The answer must consist solely of the lines from the one containing "Many thanks, as" through the last line of the records below, repeated exactly, with all pictures omitted.

> _INPUT DATA_:
■ ■ ■ ■ ■ ■ ■
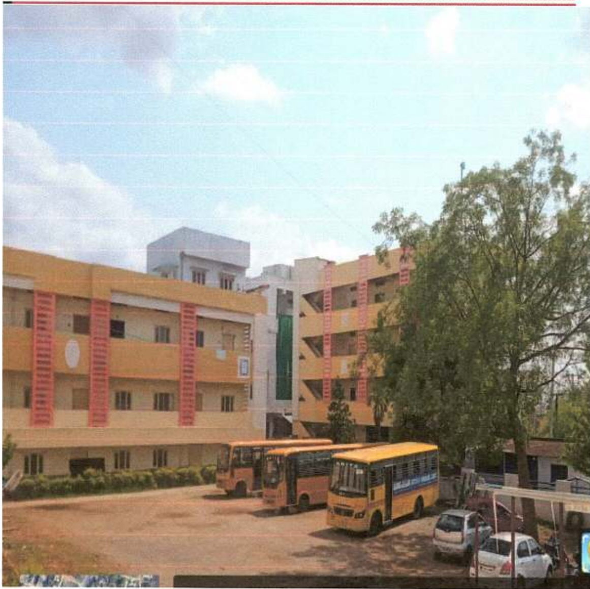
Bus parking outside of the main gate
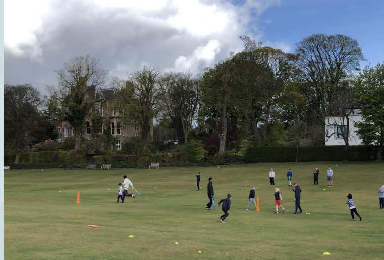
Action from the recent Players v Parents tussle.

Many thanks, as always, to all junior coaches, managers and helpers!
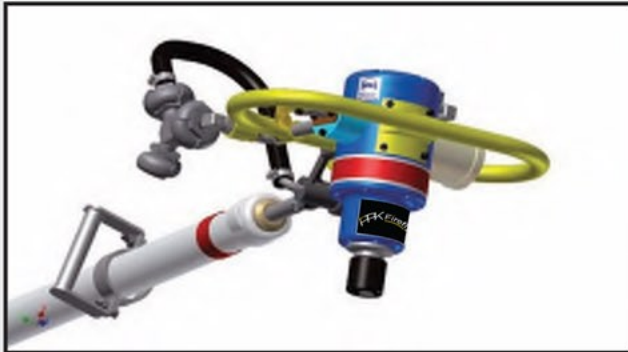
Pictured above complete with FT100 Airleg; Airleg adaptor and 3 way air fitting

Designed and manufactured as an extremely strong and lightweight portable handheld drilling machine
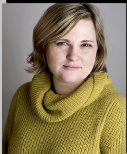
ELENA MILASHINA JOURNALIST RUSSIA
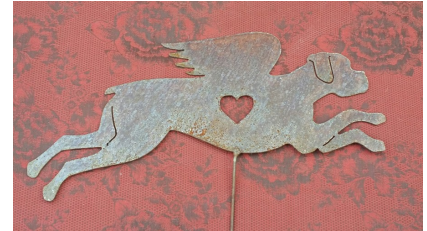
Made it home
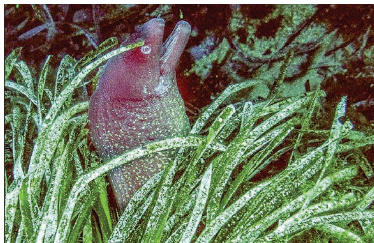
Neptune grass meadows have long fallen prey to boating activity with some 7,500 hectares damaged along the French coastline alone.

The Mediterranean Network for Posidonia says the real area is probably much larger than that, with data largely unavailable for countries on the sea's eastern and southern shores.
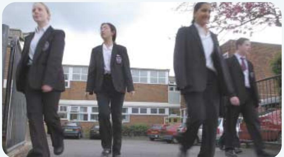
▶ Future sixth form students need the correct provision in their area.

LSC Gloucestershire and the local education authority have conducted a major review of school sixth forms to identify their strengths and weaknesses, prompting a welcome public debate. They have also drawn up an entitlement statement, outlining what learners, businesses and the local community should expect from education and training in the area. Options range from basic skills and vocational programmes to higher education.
■ ■ ■ ■ ■ ■ ■
> _RESULT BELOW_:
Many thanks, as always, to all junior coaches, managers and helpers!
Pictured above complete with FT100 Airleg; Airleg adaptor and 3 way air fitting

Designed and manufactured as an extremely strong and lightweight portable handheld drilling machine
ELENA MILASHINA JOURNALIST RUSSIA
Made it home
Neptune grass meadows have long fallen prey to boating activity with some 7,500 hectares damaged along the French coastline alone.

The Mediterranean Network for Posidonia says the real area is probably much larger than that, with data largely unavailable for countries on the sea's eastern and southern shores.
▶ Future sixth form students need the correct provision in their area.

LSC Gloucestershire and the local education authority have conducted a major review of school sixth forms to identify their strengths and weaknesses, prompting a welcome public debate. They have also drawn up an entitlement statement, outlining what learners, businesses and the local community should expect from education and training in the area. Options range from basic skills and vocational programmes to higher education.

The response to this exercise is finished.